De l'ensemble de ces observations, il s'évince :
- que le projet de partage du 10 janvier 2019 a indûment mis à la charge de Messieurs [J] et [Z] [W] le rapport d'un avantage indirect valorisé à la somme de 71 175,84 €, soit la moitié à la charge de chacun à concurrence de 35 587,92 €, de sorte que cet avantage indirect doit être exclu des opérations de partage telles que ressortissant du canevas liquidatif figurant dans ledit projet de partage du 10 janvier 2019
- que Messieurs [J] et [Z] [W] sont à tout le moins redevables de cette différence de valeur d'un montant de 51 939,12 €, dès lors qu'aux termes de la dation en paiement du 16 mars 2000, le prix de cession de la propriété agricole qui en était l'objet devait se compenser avec le montant de la créance de salaire différé dont ' Messieurs [J] et [Z] [W] étaient réputés bénéficiaires ', ce qui implicitement justifie de leur faire supporter à chacun la moitié de ladite différence de valeur, soit la somme de 25 969,56 €, laquelle doit venir en compensation de la créance de salaire différé admise au bénéfice de chacun pour un montant respectif de 77 472,40 € s'agissant de Monsieur [J] [W], et de 60 256,30 € s'agissant de Monsieur [Z] [W].
III) Sur la question des soultes mises à la charge de Messieurs [J] et [Z] [W] :
A titre liminaire, il y a lieu de constater que Messieurs [J] et [Z] [W] ont été reconnus redevables d'une soulte envers leurs copartageants, sachant qu'aux termes du projet de partage du 2 avril 2019, la soulte mise à la charge de chacun d'eux s'élève respectivement à la somme de 25 156,47 € pour [J] [W] et à la somme de 42 372,57 € pour [Z] [W] , tandis qu'aux termes du projet de partage du 10 janvier 2019, la soulte mise à la charge de [J] [W] a été chiffrée à la somme de 32 682,02 €, alors que celle mise à la charge de [Z] [W] a été chiffrée à la somme de 49 898,12 €, cette différence s'expliquant par la prise en compte pour le calcul desdites soultes de l'avantage indirect imputé à titre de libéralité à chacun des bénéficiaires de la dation en paiement opérée par acte authentique du 16 mars 2000.
En première instance comme en cause d'appel, se trouve contestée par Messieurs [J] et [Z] [W] ou leurs ayants-droit, leur obligation au paiement d'une soulte, sachant qu'au soutien de leur contestation, les intéressés opposent un moyen tiré de la prescription quinquennale applicable en matière d'actions personnelles ou mobilière.

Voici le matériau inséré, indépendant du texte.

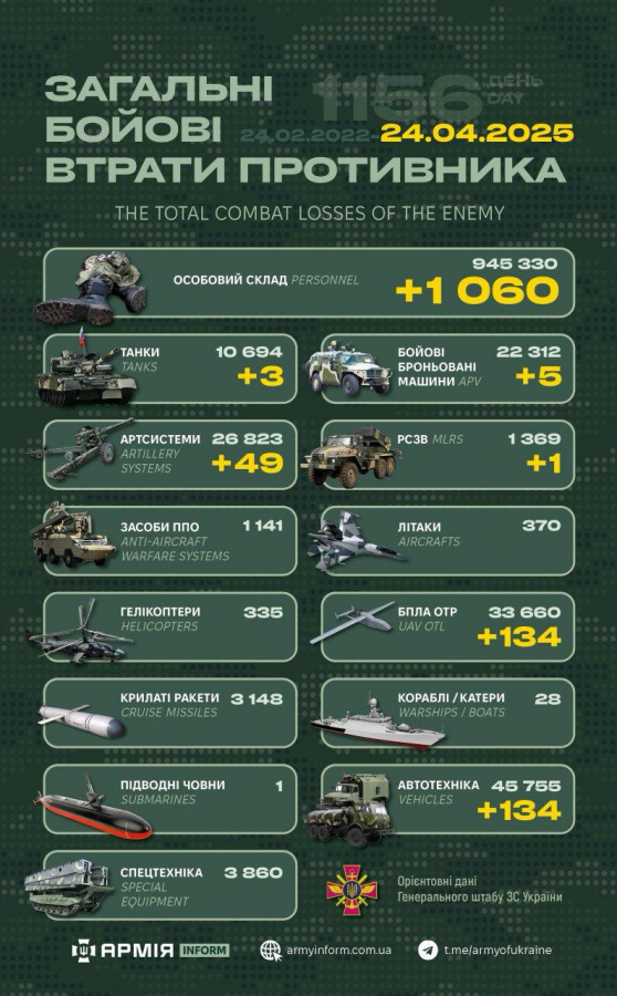Станом на ранок 24 квітня Збройні Сили України завдали суттєвих втрат російським окупаційним військам. За минулу добу ворог втратив ще 1 060 осіб — загиблими та пораненими.

A l'analyse du dossier, force est toutefois de reconnaître que la position ainsi défendue par Messieurs [J] et [Z] [W] ou leurs ayants-droit est dénuée de pertinence, en ce que le versement d'une soulte est le mécanisme qui permet de garantir le principe de l'égalité du partage entre copartageants, applicable dans toute instance judiciaire en partage, indépendamment de l'exercice de toute action patrimoniale entre copartageants, telle qu'une action en paiement.
De surcroît, les Consorts [W] sont mal fondés à critiquer le jugement rendu le 9 février 2017, pour avoir dans sa motivation fait référence aux dispositions de l'article 1235 devenu l'article 1302 du Code Civil ayant trait à l'action en recouvrement de l'indu, en ce que la référence à l'exercice d'une telle action concernait la seule hypothèse d'une erreur commise en faveur de Messieurs [J] et [Z] [W] dans le chiffrage du montant de leur créance de salaire différé respective, et aucunement la question de la soulte qu'ils étaient susceptibles de devoir à leurs copartageants :
- en fonction du montant de leurs droits successoraux respectifs
- après prise en compte
* de leur créance de salaire différé admise au bénéfice de chacun pour un montant respectif de 77 472,40 € s'agissant de Monsieur [J] [W], et de 60 256,30 € s'agissant de Monsieur [Z] [W]
- après compensation de leur créance de salaire différé avec la valeur de la propriété agricole dénommée ' [Adresse 30] ' par eux acquise par l'effet d'une dation en paiement moyennant le prix de 172 160,88 €, soit une somme de 86 080,44 € correspondant à la quote-part du prix à supporter par chacun d'eux
- après compensation de leur créance de salaire différé avec la valeur de la propriété agricole dénommée ' [Adresse 30] ' par eux acquise par l'effet d'une dation en paiement, soit
* avec la somme de 172 160,88 € correspondant à la valorisation du bien telle que mentionnée dans l'acte authentique du 16 mars 2000
* avec la somme de 224 100 € correspondant à la valorisation dudit bien telle que retenue par le Tribunal dans son jugement du 9 février 2017, au résultat de l'expertise judiciaire réalisée par Monsieur [NF] [E] Expert agricole.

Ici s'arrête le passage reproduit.